Но Борис не сказал этого и продолжал молчать потому, что, с другой стороны, он боялся Алину, как боятся прикосновения к ярко пылающему костру, от которого можно получить ожог. Он чувствовал, что она неравнодушна к нему, что она, называя вещи своими именами, хочет затащить его в свою постель. Как там ни крути, по половой принадлежности Борис являлся мужиком, каковым его и обозвала Алина. Кому-кому, а себе лично Борис мог бы и признаться, что совсем не против провести последнюю украинскую ночь в номере у Алины. Больше того, он даже желает этого, отдавая себе отчёт в том, что эта ночь может стать просто незабываемой. Но именно этого Борис боялся просто панически. Он помнил и хотел помнить в дальнейшем только одну женщину, которая является матерью его детей, свою ненаглядную Татьяну, которую любил даже не в самый подходящий для этого момент. Всё-таки истинным кредом Бориса как учёного являлся аналитический разбор ситуации. Эта самая аналитика напоминала ему «золотое правило механики»: «выигрываешь в силе, проигрываешь в расстоянии и наоборот». В данной ситуации Борис не хотел как выигрывать, так и проигрывать. Тем самым мысленный разбор полётов был закончен.
Тем временем, Алина снова прижалась к Борису и томно протянула:
– Так нравлюсь или не нравлюсь, Боренька?
– Послушай, Алина, если я скажу, что не нравишься, то я явно покривлю душой. Ты вызываешь у меня огромную симпатию и импонируешь мне. Я рад нашему знакомству. Но…
– Вот этого не надо, – бесцеремонно перебила его Алина, – никаких но. Ты говоришь, словно выступаешь на заседании Учёного Совета. Я знаю, ты сейчас скажешь, что безумно любишь свою жену. Ну и продолжай любить её на здоровье. Но какое это имеет отношение к нашему маленькому роману?
От такой концепции, изложенной Алиной, Борис неожиданно вздрогнул и, решительно отстраняясь от неё, еле слышно спросил:
– А ты, Алина, любишь своего мужа?
– Люблю ли я своего Леона? – тихо переспросила Алина, – хороший вопрос. Не знаю, что и сказать. Здесь на лицо некая неоднозначность. Если и да, то совсем не так, как Татьяна Ларина любила своего Женечку Онегина.
– А вот с этого места, – оборвал её Борис, – если можно, поподробнее.
– Ладно, Борис, – решила вдруг Алина, – исповедоваться, так исповедоваться, – может быть, отпустишь грех мой.
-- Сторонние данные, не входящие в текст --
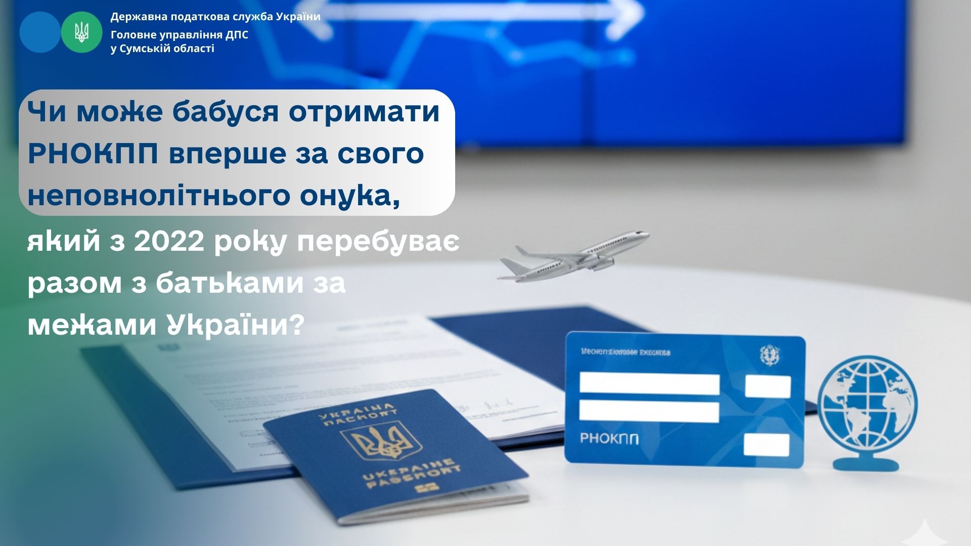 Чи може бабуся отримати РНОКПП вперше за свого неповнолітнього онука, який з 2022 року перебуває разом з батьками за межами України?

– Вообще то, я не священник, не епископ и даже не раввин, – запротестовал Борис, – грехов не отпускаю и индульгенций не выдаю.
– Да и не надо, – согласилась Алина, – лучше послушай мою исповедь. Как тебе известно, родилась я в стольном граде под названием Киев как раз в том году, когда тогдашний генсек Никита Хрущёв на каком-то там съезде партии торжественно провозгласил, что «нынешнее поколение советских людей будет жить при коммунизме».
Борис всё-таки не зря сдавал экзамен по истории КПСС при поступлении в аспирантуру. Он, мгновенно вычислив, что Алина на чёртову дюжину лет младше его, перебил её и сказал:
– Если мне не изменяет память, это было в 1961 году на 22-м съезде КПСС.
– Ну вот, пожалуйста! Ты, Борис, случайно не был знатоком в передаче «Что, где, когда», – неожиданно разозлилась Алина, – девушка хотела скрыть свой возраст, а тут такая эрудиция в, никому не нужной, политологии.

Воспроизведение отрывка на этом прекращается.